[TASK DATA]:
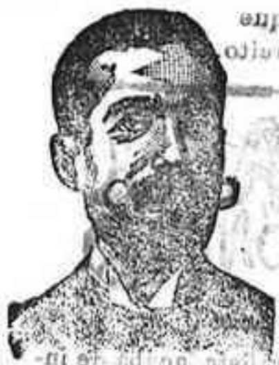
Angelo Costanzi Dip., 345, Barcelona

Preparación la más racional para curar la tuberculosis, catarros crónicos, bronquitis, infecciones graves, enfermedades crónicas, impotencia, debilidad general, postración nerviosa, neurastenia, impotencia, enfermedades mentales, caries, raquitismo, esgorriamiento, etc. Frasco, 2'50 pesetas. DEPOSITO: Farmacia del Dr. Benedicto, San Bernardo, 41, Madrid y en la provincia de Salamanca, Farmacia del Dr. Redilla, Gutiérrez.
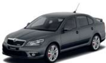
Anthracite Grey перламутровый

Octavia RS – один из мощнейших и быстрых автомобилей среди моделей серийного производства Škoda. При этом он Ваш удобный и безопасный спутник. Его внешность имеет спортивный стиль до последней детали и заряжает адреналином - легкосплавные 18-дюймовые колесные диски Neptune, передний и задний спойлер, хромированные глушители, фары дневного света LED . К ним можно дополнительно заказать темные тонированные стекла, ксеноновые фары и противотуманные фары с поворотной функцией. Спортивную атмосферу в салоне поддерживают удобные кожаные сиденья с логотипом RS, трехспицевое кожаное рулевое колесо, металлические накладки на педали, CD/MP3-магнитола Swing вместе с двухзонной системой кондиционирования воздуха Climatronic .
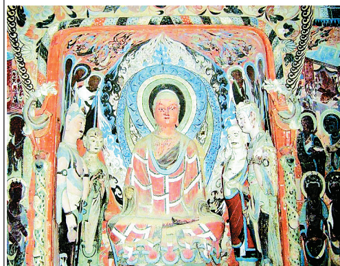
莫高窟壁画将实现数字化保护

点评：世界文化遗产的保护与利用始终是一个矛盾体，国内国际为此都做了很多尝试。敦煌莫高窟的做法颇有新意。首先是缓解了莫高窟的接待压力。采用预约模式，可以有效控制参观人数，对文物起到保护作用；其次在参观之前需接受“数字教育”，观看电影了解莫高窟的历史文化知识，不仅可以让游客更好地理解敦煌文化的壮美，而且也丰富了游览形式和内容，尤其是在敦煌壁画逐年衰败的时候，这一做法也有助于保护。
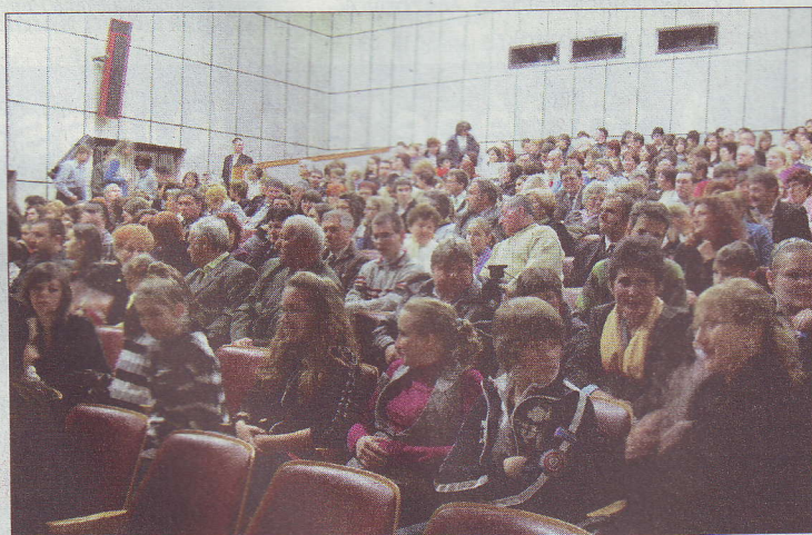
Pótszékes telt ház volt Szőgyénben. Az ottaniak szeretik a színházat.

idősebb hölgy. A színpadon azután mindenki megtalálta a párját, jött a finálé, a vastaps. Lesminkelés és átöltözés után egy-két szendvics, néhány kedves szó, színházi sztori, majd megint buszba ült a társulat. Az út végén, a komáromi estében indultak haza a színészek. Így zárult ez a kiutazás. Az Anconai szerelmesek újabb előadása. A harminckettedik.
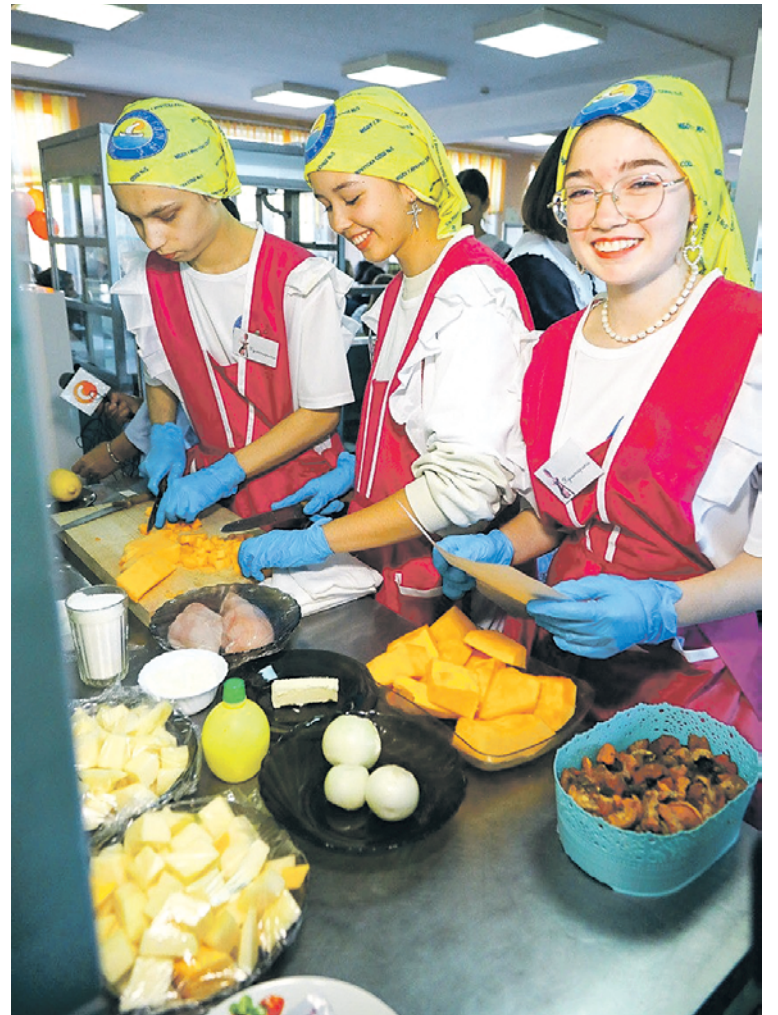
Блюда готовились прямо на школьной кухне.
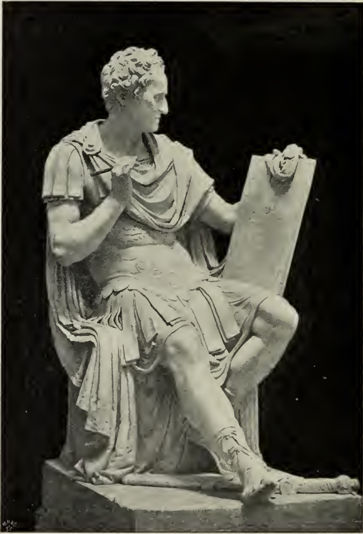
Abb. 70. Washington. Originalstizze im Canova-Museum in Possagno.

ben; trotzdem waren sie von der französischen Armee geplündert worden. Billigerweise mußte Kaiser Franz nun auch der Rückgabe dieser Werke zustimmen. Gestützt hierauf, legte Canova am 29. September
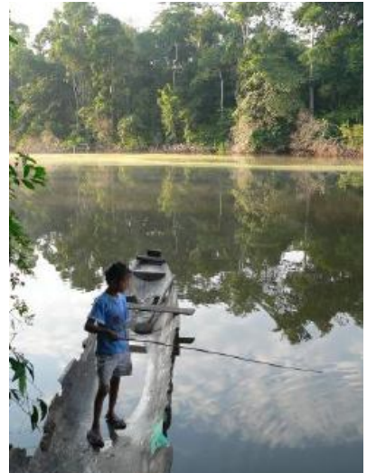
Fishing in the jungle lagoon
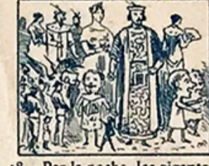
18.—Por la noche, los gigantes, enanos y cabezudos, lucen trajes elegantes.
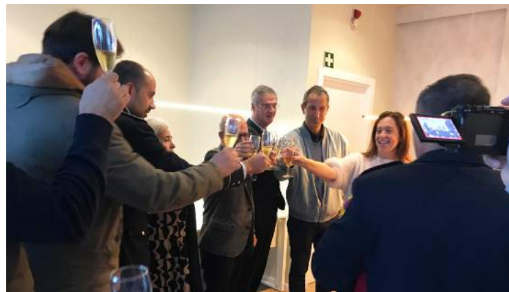
Convidados brindaram em comemoração dos 18 anos da empresa
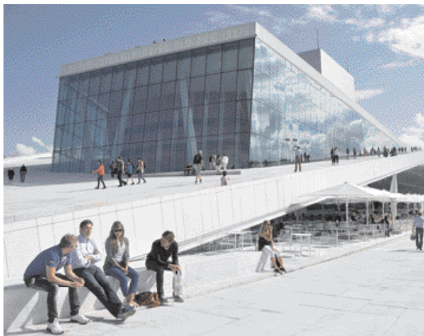
DEN NORSKE OPERA & BALLETT, OPERA V OSLO

Ano: ja ; ne: nei ; dobrý den: hei, goddag ; na shledanou: ha det bra ; dobrou noc: god natt ; prosím vás: vær så snill ; děkuji: takk ; promiňte: unnskyld meg ; nerozumím: jeg forstår ikke ; nádraží: stasjon ; letiště: flyplass ; přístav: havn ; vlevo: venstre ; vpravo: høyre ; snídaně: frokost ; oběd: lunsj ; večeře: middag
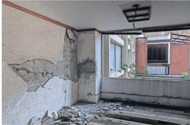
El inmueble que se dañó en el 19-S resiente el paso del tiempo y cada día está más deteriorado y representa mayor riesgo.
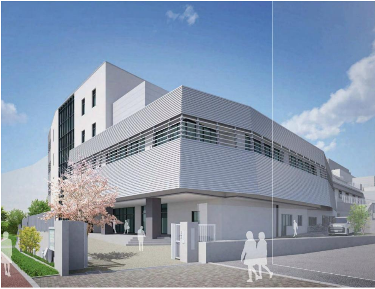
▲新校舎外観イメージ

新校舎の建設工事に先立ち、工事内容や安全対策、今後のスケジュールなどについてご説明するため、工事説明会を開催いたします。
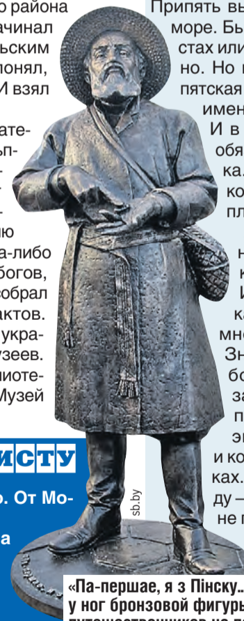
«Па-першае, я з Пінску...» можно прочитать у ног бронзовой фигуры, которая встречает путешественников на пешеходной улице Ленина.

А уж рыбы, птиц и разного зверья в здешних краях видимо-невидимо. И отдых на природе шикарный. Заповедных мест много, выбирай на вкус. Знаменитые Ольманские болота, например. Или заказник «Средняя Припять». Тут вам и пешую экскурсию организуют, и конную, и сплав на байдарках. Главное, беречь природу – костры не разводить, где не положено, и мусор после себя не оставлять.
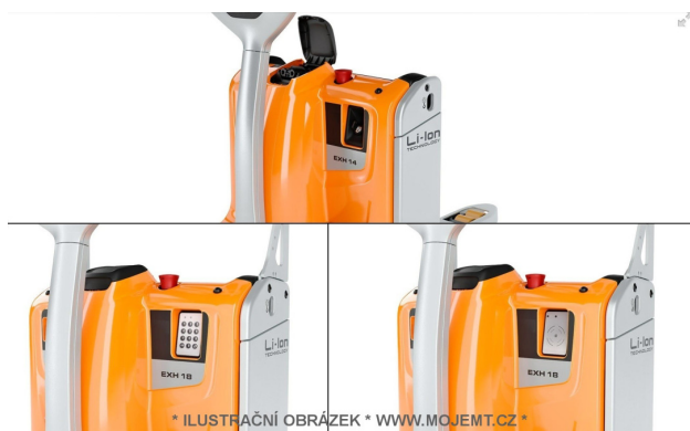
* ILUSTRÁČNÍ OBRÁZEK * WWW.MOJEMT.CZ *
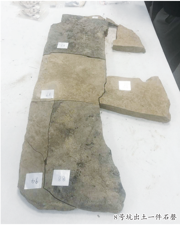
8号坑出土一件石磬
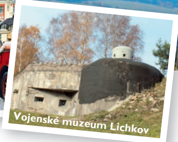
Vojenské muzeum Lichkov
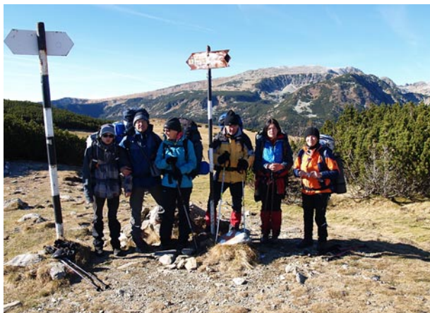
Az erős szél ellenére jól sikerült közös fotó
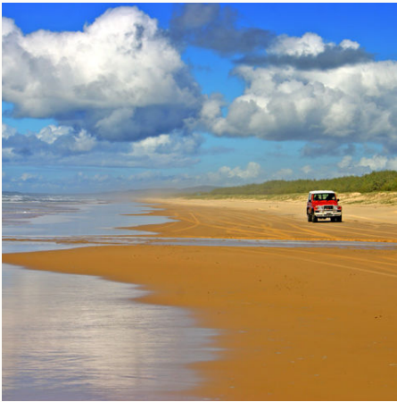
Autostrand auf Fraser Island, Australien
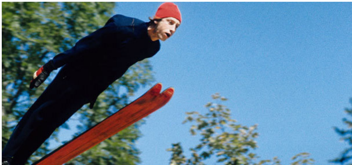
LA GRANDE EXTASE DU SCULPTEUR SUR BOIS STEINER, WERNER HERZOG

[TASK DESCRIPTION]: Copy the records above exactly, omitting every picture.

[RESULT OF THE EXERCISE]:
Angelo Costanzi Dip., 345, Barcelona

Preparación la más racional para curar la tuberculosis, catarros crónicos, bronquitis, infecciones graves, enfermedades crónicas, impotencia, debilidad general, postración nerviosa, neurastenia, impotencia, enfermedades mentales, caries, raquitismo, esgorriamiento, etc. Frasco, 2'50 pesetas. DEPOSITO: Farmacia del Dr. Benedicto, San Bernardo, 41, Madrid y en la provincia de Salamanca, Farmacia del Dr. Redilla, Gutiérrez.
Anthracite Grey перламутровый

Octavia RS – один из мощнейших и быстрых автомобилей среди моделей серийного производства Škoda. При этом он Ваш удобный и безопасный спутник. Его внешность имеет спортивный стиль до последней детали и заряжает адреналином - легкосплавные 18-дюймовые колесные диски Neptune, передний и задний спойлер, хромированные глушители, фары дневного света LED . К ним можно дополнительно заказать темные тонированные стекла, ксеноновые фары и противотуманные фары с поворотной функцией. Спортивную атмосферу в салоне поддерживают удобные кожаные сиденья с логотипом RS, трехспицевое кожаное рулевое колесо, металлические накладки на педали, CD/MP3-магнитола Swing вместе с двухзонной системой кондиционирования воздуха Climatronic .
莫高窟壁画将实现数字化保护

点评：世界文化遗产的保护与利用始终是一个矛盾体，国内国际为此都做了很多尝试。敦煌莫高窟的做法颇有新意。首先是缓解了莫高窟的接待压力。采用预约模式，可以有效控制参观人数，对文物起到保护作用；其次在参观之前需接受“数字教育”，观看电影了解莫高窟的历史文化知识，不仅可以让游客更好地理解敦煌文化的壮美，而且也丰富了游览形式和内容，尤其是在敦煌壁画逐年衰败的时候，这一做法也有助于保护。
Pótszékes telt ház volt Szőgyénben. Az ottaniak szeretik a színházat.

idősebb hölgy. A színpadon azután mindenki megtalálta a párját, jött a finálé, a vastaps. Lesminkelés és átöltözés után egy-két szendvics, néhány kedves szó, színházi sztori, majd megint buszba ült a társulat. Az út végén, a komáromi estében indultak haza a színészek. Így zárult ez a kiutazás. Az Anconai szerelmesek újabb előadása. A harminckettedik.
Блюда готовились прямо на школьной кухне.
Abb. 70. Washington. Originalstizze im Canova-Museum in Possagno.

ben; trotzdem waren sie von der französischen Armee geplündert worden. Billigerweise mußte Kaiser Franz nun auch der Rückgabe dieser Werke zustimmen. Gestützt hierauf, legte Canova am 29. September
Fishing in the jungle lagoon
18.—Por la noche, los gigantes, enanos y cabezudos, lucen trajes elegantes.
Convidados brindaram em comemoração dos 18 anos da empresa
DEN NORSKE OPERA & BALLETT, OPERA V OSLO

Ano: ja ; ne: nei ; dobrý den: hei, goddag ; na shledanou: ha det bra ; dobrou noc: god natt ; prosím vás: vær så snill ; děkuji: takk ; promiňte: unnskyld meg ; nerozumím: jeg forstår ikke ; nádraží: stasjon ; letiště: flyplass ; přístav: havn ; vlevo: venstre ; vpravo: høyre ; snídaně: frokost ; oběd: lunsj ; večeře: middag
El inmueble que se dañó en el 19-S resiente el paso del tiempo y cada día está más deteriorado y representa mayor riesgo.
▲新校舎外観イメージ

新校舎の建設工事に先立ち、工事内容や安全対策、今後のスケジュールなどについてご説明するため、工事説明会を開催いたします。
«Па-першае, я з Пінску...» можно прочитать у ног бронзовой фигуры, которая встречает путешественников на пешеходной улице Ленина.

А уж рыбы, птиц и разного зверья в здешних краях видимо-невидимо. И отдых на природе шикарный. Заповедных мест много, выбирай на вкус. Знаменитые Ольманские болота, например. Или заказник «Средняя Припять». Тут вам и пешую экскурсию организуют, и конную, и сплав на байдарках. Главное, беречь природу – костры не разводить, где не положено, и мусор после себя не оставлять.
* ILUSTRÁČNÍ OBRÁZEK * WWW.MOJEMT.CZ *
8号坑出土一件石磬
Vojenské muzeum Lichkov
Az erős szél ellenére jól sikerült közös fotó
Autostrand auf Fraser Island, Australien
LA GRANDE EXTASE DU SCULPTEUR SUR BOIS STEINER, WERNER HERZOG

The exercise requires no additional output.